*PROBLEM STATEMENT*
Write out every record exactly as it appears. Skip the pictures.

[[ SUPPLIED INFORMATION, beginning ]]

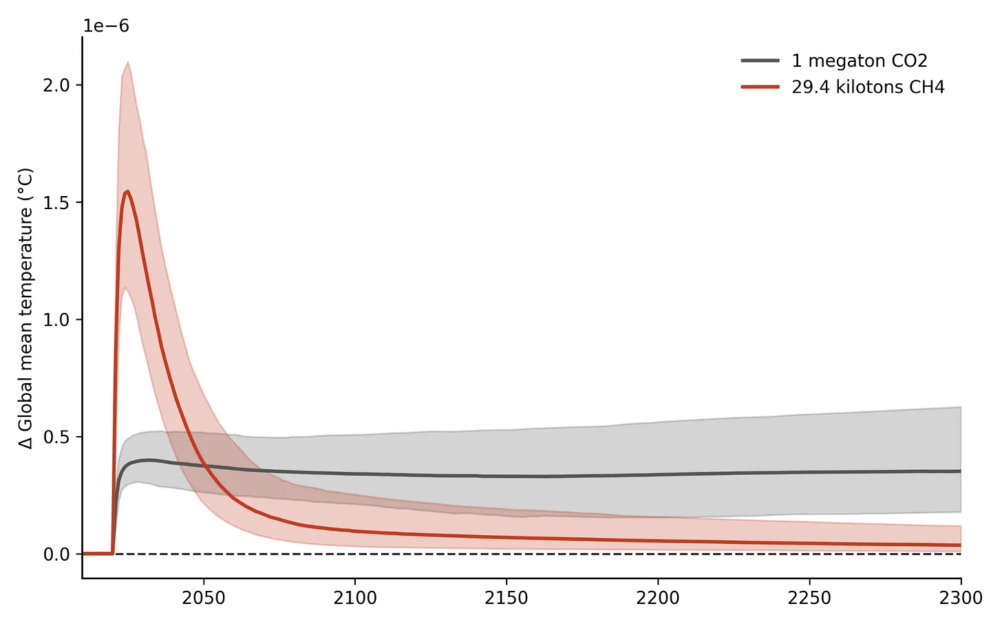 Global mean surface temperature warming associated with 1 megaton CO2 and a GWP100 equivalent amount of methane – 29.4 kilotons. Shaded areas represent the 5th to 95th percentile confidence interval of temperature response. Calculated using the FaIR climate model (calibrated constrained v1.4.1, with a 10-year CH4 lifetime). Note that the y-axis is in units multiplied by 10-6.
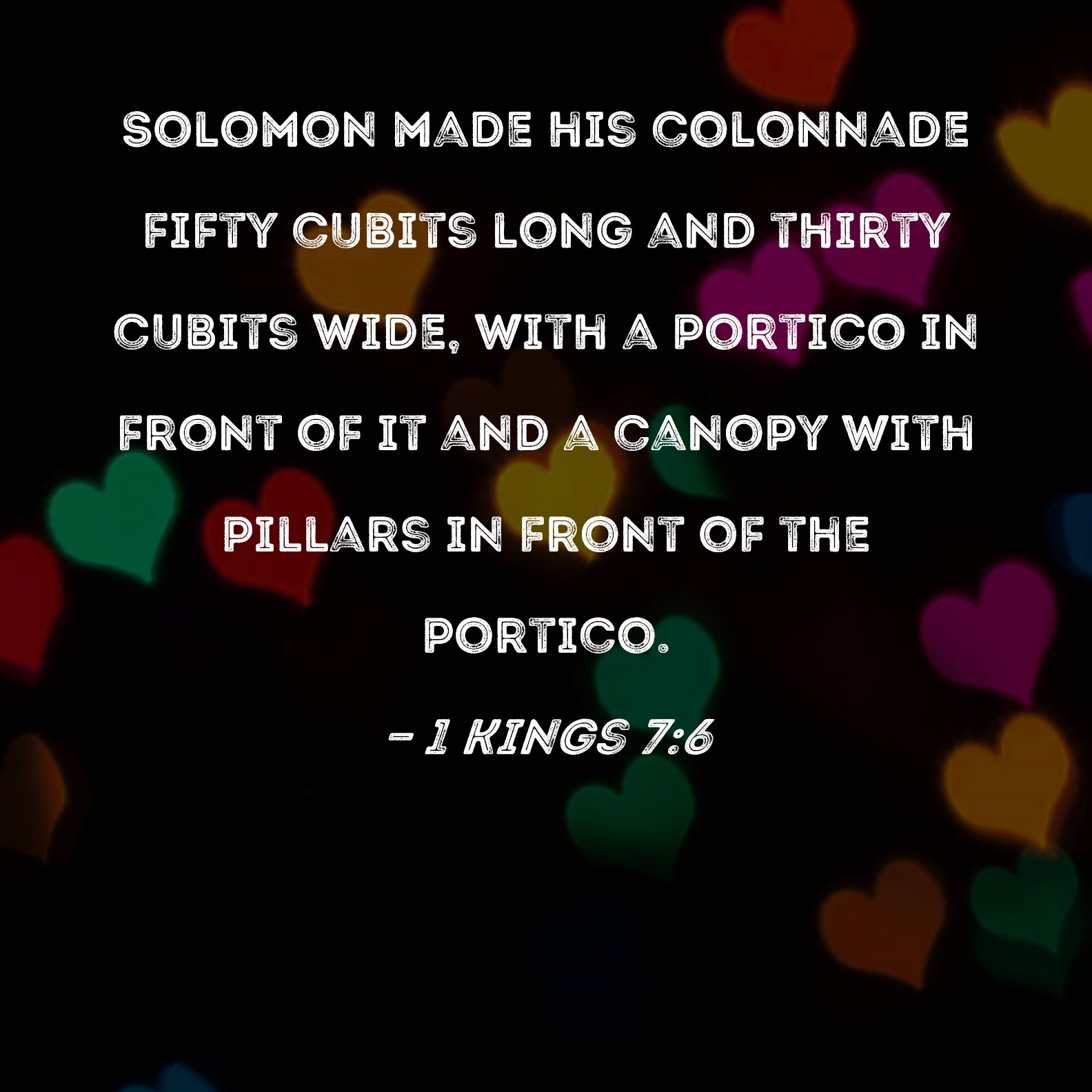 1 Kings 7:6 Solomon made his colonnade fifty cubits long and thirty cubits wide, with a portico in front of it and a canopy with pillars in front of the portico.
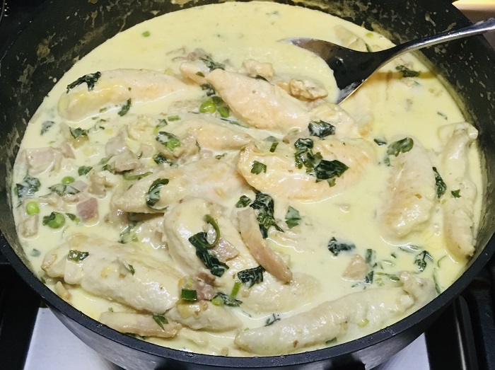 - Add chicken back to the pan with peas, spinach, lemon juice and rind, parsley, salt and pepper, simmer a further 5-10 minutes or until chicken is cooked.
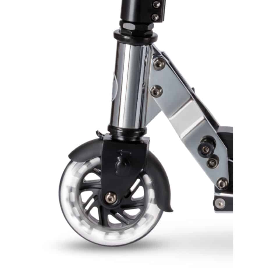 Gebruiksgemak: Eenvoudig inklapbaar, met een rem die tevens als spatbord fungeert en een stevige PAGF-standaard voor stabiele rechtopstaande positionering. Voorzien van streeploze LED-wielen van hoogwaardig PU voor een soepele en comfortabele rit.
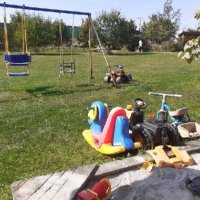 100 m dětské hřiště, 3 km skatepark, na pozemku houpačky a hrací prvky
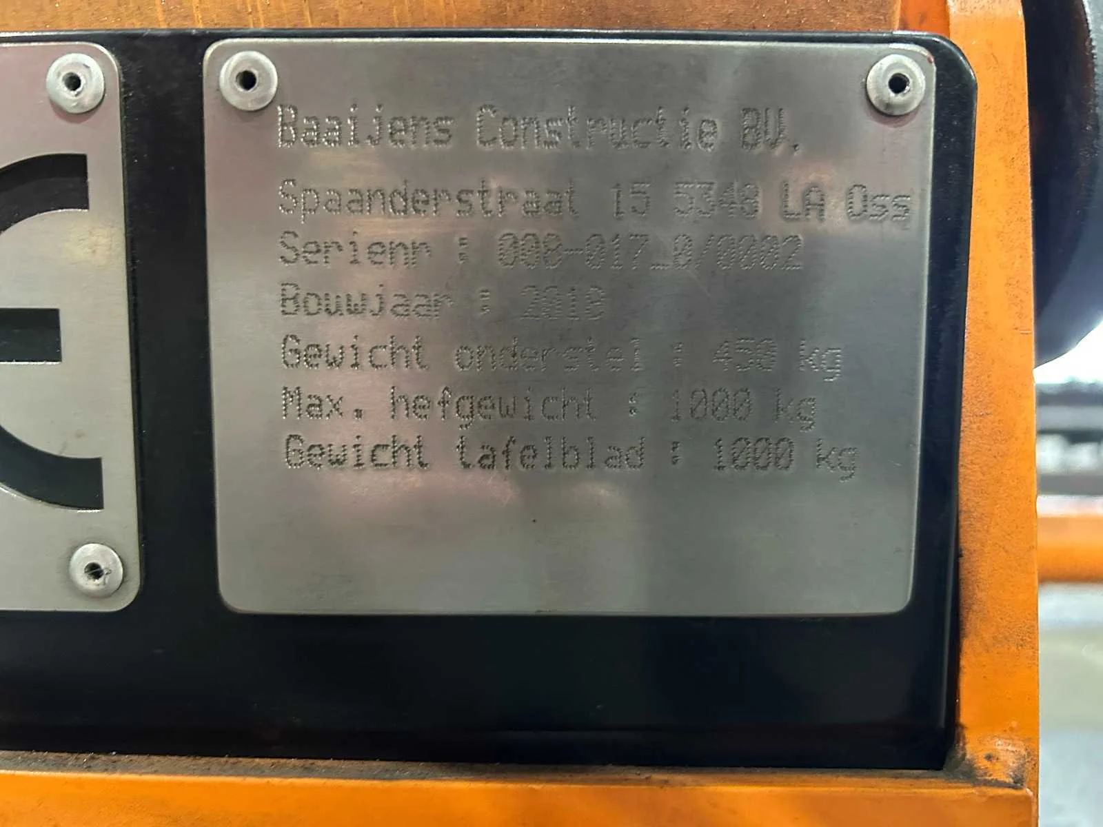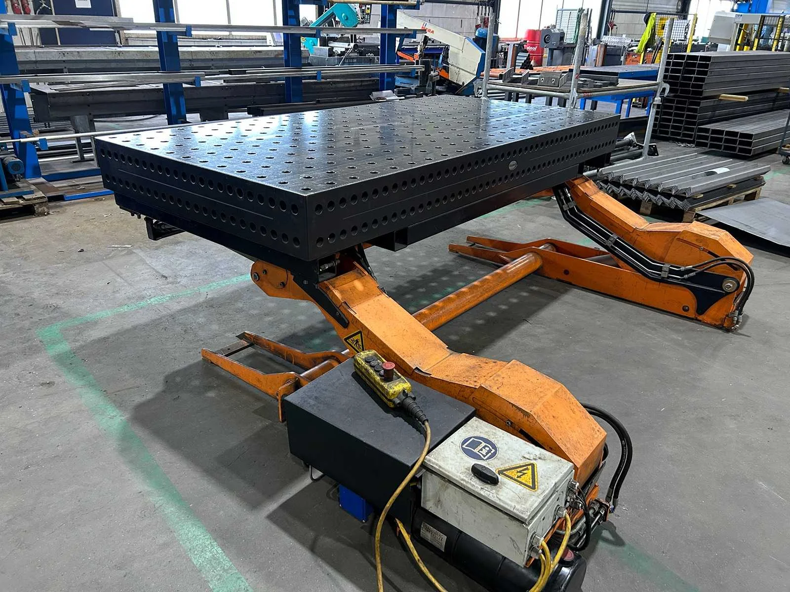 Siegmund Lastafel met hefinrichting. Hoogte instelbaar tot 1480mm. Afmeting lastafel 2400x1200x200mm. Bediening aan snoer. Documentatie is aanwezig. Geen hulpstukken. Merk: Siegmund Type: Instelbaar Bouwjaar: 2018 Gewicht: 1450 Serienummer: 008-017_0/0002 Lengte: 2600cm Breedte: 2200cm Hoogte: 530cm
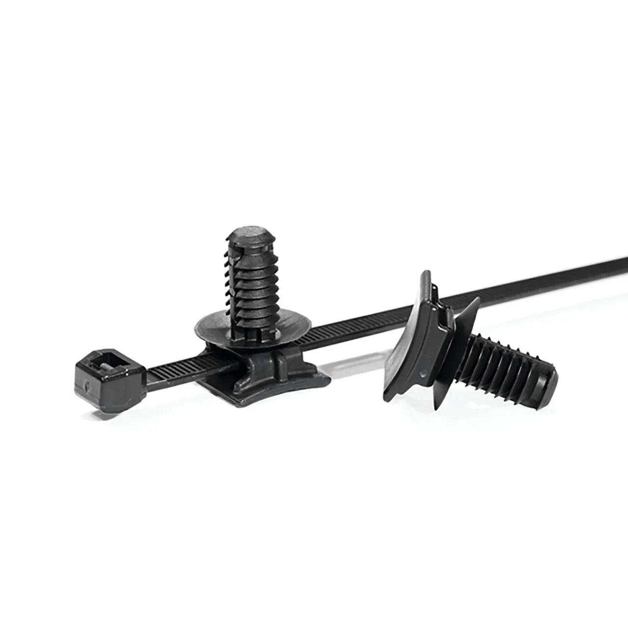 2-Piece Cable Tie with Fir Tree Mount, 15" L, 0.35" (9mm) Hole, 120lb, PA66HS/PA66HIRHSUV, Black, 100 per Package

[[ SUPPLIED INFORMATION, end ]]

*TASK OUTPUT*
 Global mean surface temperature warming associated with 1 megaton CO2 and a GWP100 equivalent amount of methane – 29.4 kilotons. Shaded areas represent the 5th to 95th percentile confidence interval of temperature response. Calculated using the FaIR climate model (calibrated constrained v1.4.1, with a 10-year CH4 lifetime). Note that the y-axis is in units multiplied by 10-6.
 1 Kings 7:6 Solomon made his colonnade fifty cubits long and thirty cubits wide, with a portico in front of it and a canopy with pillars in front of the portico.
 - Add chicken back to the pan with peas, spinach, lemon juice and rind, parsley, salt and pepper, simmer a further 5-10 minutes or until chicken is cooked.
 Gebruiksgemak: Eenvoudig inklapbaar, met een rem die tevens als spatbord fungeert en een stevige PAGF-standaard voor stabiele rechtopstaande positionering. Voorzien van streeploze LED-wielen van hoogwaardig PU voor een soepele en comfortabele rit.
 100 m dětské hřiště, 3 km skatepark, na pozemku houpačky a hrací prvky
 Siegmund Lastafel met hefinrichting. Hoogte instelbaar tot 1480mm. Afmeting lastafel 2400x1200x200mm. Bediening aan snoer. Documentatie is aanwezig. Geen hulpstukken. Merk: Siegmund Type: Instelbaar Bouwjaar: 2018 Gewicht: 1450 Serienummer: 008-017_0/0002 Lengte: 2600cm Breedte: 2200cm Hoogte: 530cm
 2-Piece Cable Tie with Fir Tree Mount, 15" L, 0.35" (9mm) Hole, 120lb, PA66HS/PA66HIRHSUV, Black, 100 per Package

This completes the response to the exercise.